[Dataset items]
════════════════════
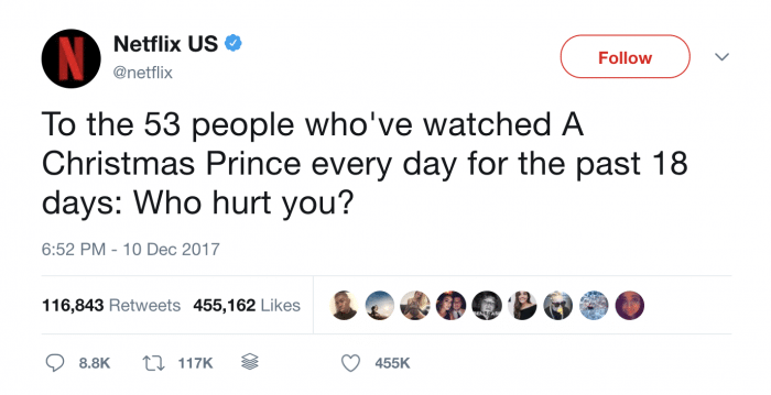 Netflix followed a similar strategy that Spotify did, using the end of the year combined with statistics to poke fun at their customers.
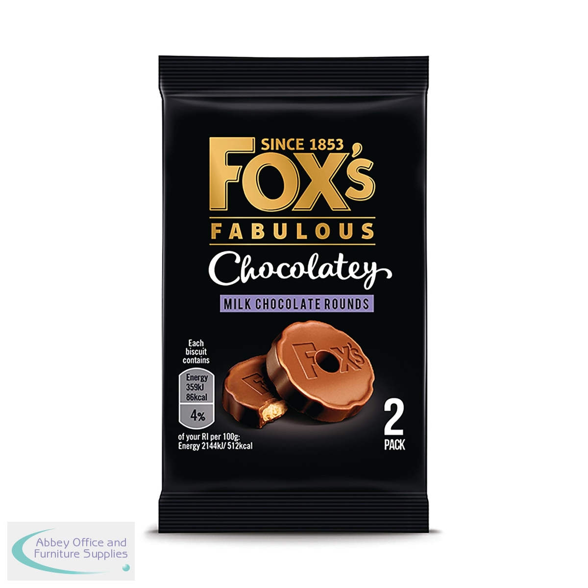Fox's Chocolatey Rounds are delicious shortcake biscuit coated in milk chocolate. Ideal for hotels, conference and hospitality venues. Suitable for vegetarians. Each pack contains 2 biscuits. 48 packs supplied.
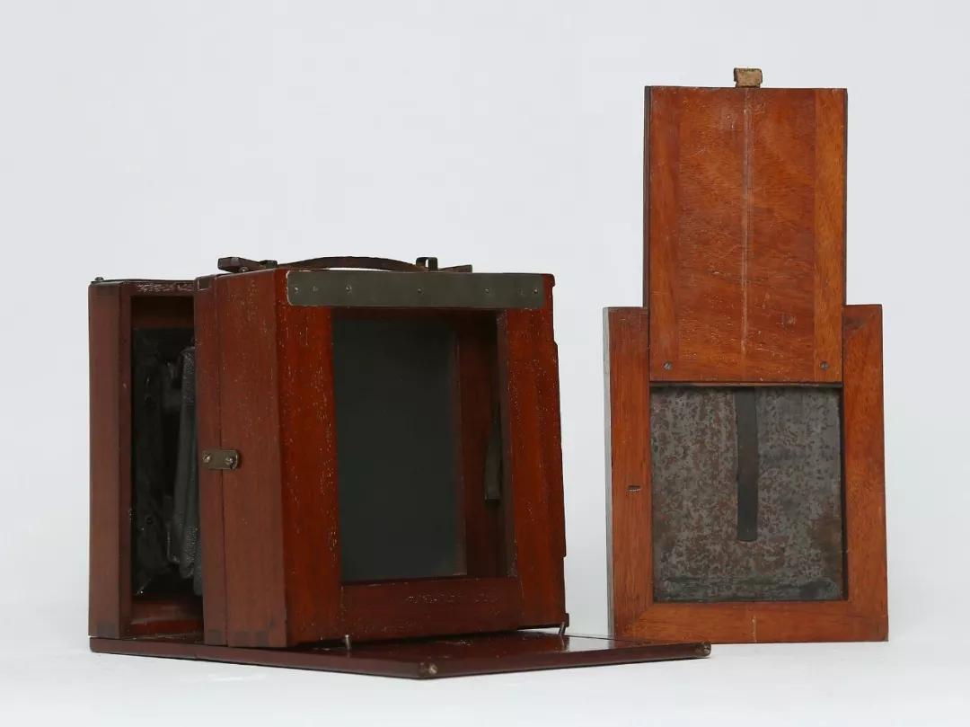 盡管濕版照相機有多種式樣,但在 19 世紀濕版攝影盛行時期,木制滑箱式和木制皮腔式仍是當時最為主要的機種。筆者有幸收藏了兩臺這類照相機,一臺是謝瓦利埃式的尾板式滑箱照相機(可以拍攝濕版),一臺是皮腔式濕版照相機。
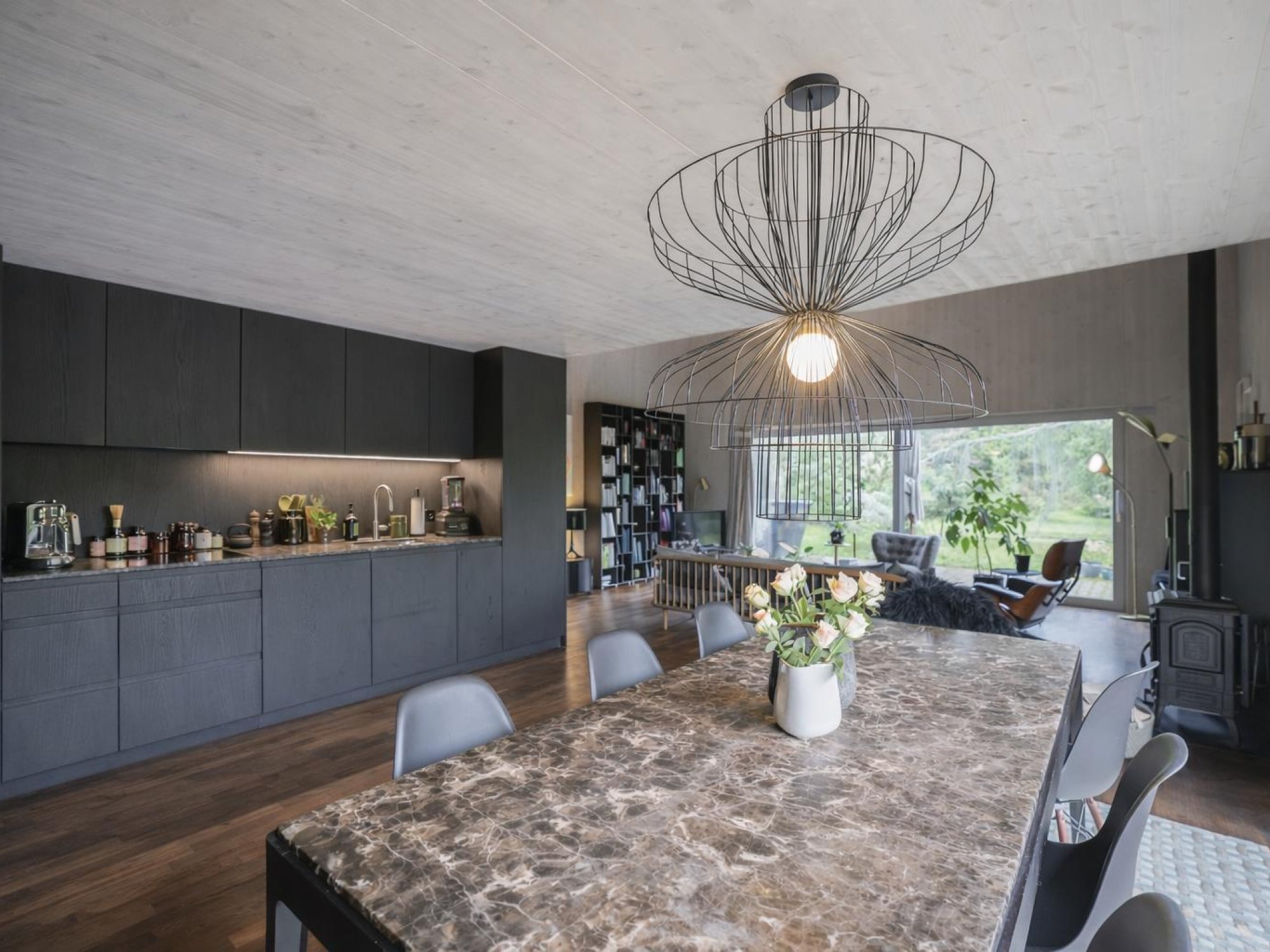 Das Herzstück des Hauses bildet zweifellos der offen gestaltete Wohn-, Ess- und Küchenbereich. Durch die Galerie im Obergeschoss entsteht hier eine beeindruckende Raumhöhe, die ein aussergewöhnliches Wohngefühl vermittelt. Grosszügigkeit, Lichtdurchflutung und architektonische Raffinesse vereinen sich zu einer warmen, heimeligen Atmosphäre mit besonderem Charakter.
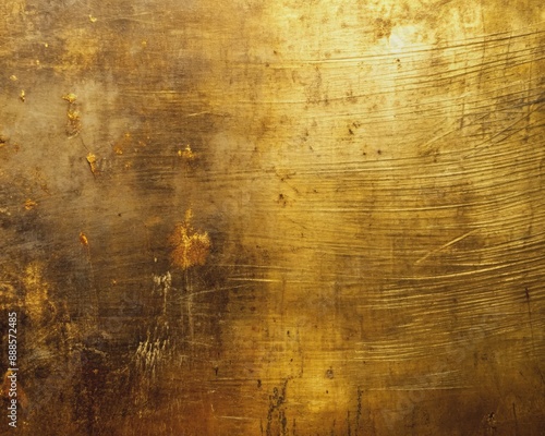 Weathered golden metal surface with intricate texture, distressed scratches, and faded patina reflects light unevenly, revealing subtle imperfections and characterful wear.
════════════════════
**Assignment:** Give back each line above exactly, with pictures dropped.

**Problem solution:**
 Netflix followed a similar strategy that Spotify did, using the end of the year combined with statistics to poke fun at their customers.
Fox's Chocolatey Rounds are delicious shortcake biscuit coated in milk chocolate. Ideal for hotels, conference and hospitality venues. Suitable for vegetarians. Each pack contains 2 biscuits. 48 packs supplied.
 盡管濕版照相機有多種式樣,但在 19 世紀濕版攝影盛行時期,木制滑箱式和木制皮腔式仍是當時最為主要的機種。筆者有幸收藏了兩臺這類照相機,一臺是謝瓦利埃式的尾板式滑箱照相機(可以拍攝濕版),一臺是皮腔式濕版照相機。
 Das Herzstück des Hauses bildet zweifellos der offen gestaltete Wohn-, Ess- und Küchenbereich. Durch die Galerie im Obergeschoss entsteht hier eine beeindruckende Raumhöhe, die ein aussergewöhnliches Wohngefühl vermittelt. Grosszügigkeit, Lichtdurchflutung und architektonische Raffinesse vereinen sich zu einer warmen, heimeligen Atmosphäre mit besonderem Charakter.
 Weathered golden metal surface with intricate texture, distressed scratches, and faded patina reflects light unevenly, revealing subtle imperfections and characterful wear.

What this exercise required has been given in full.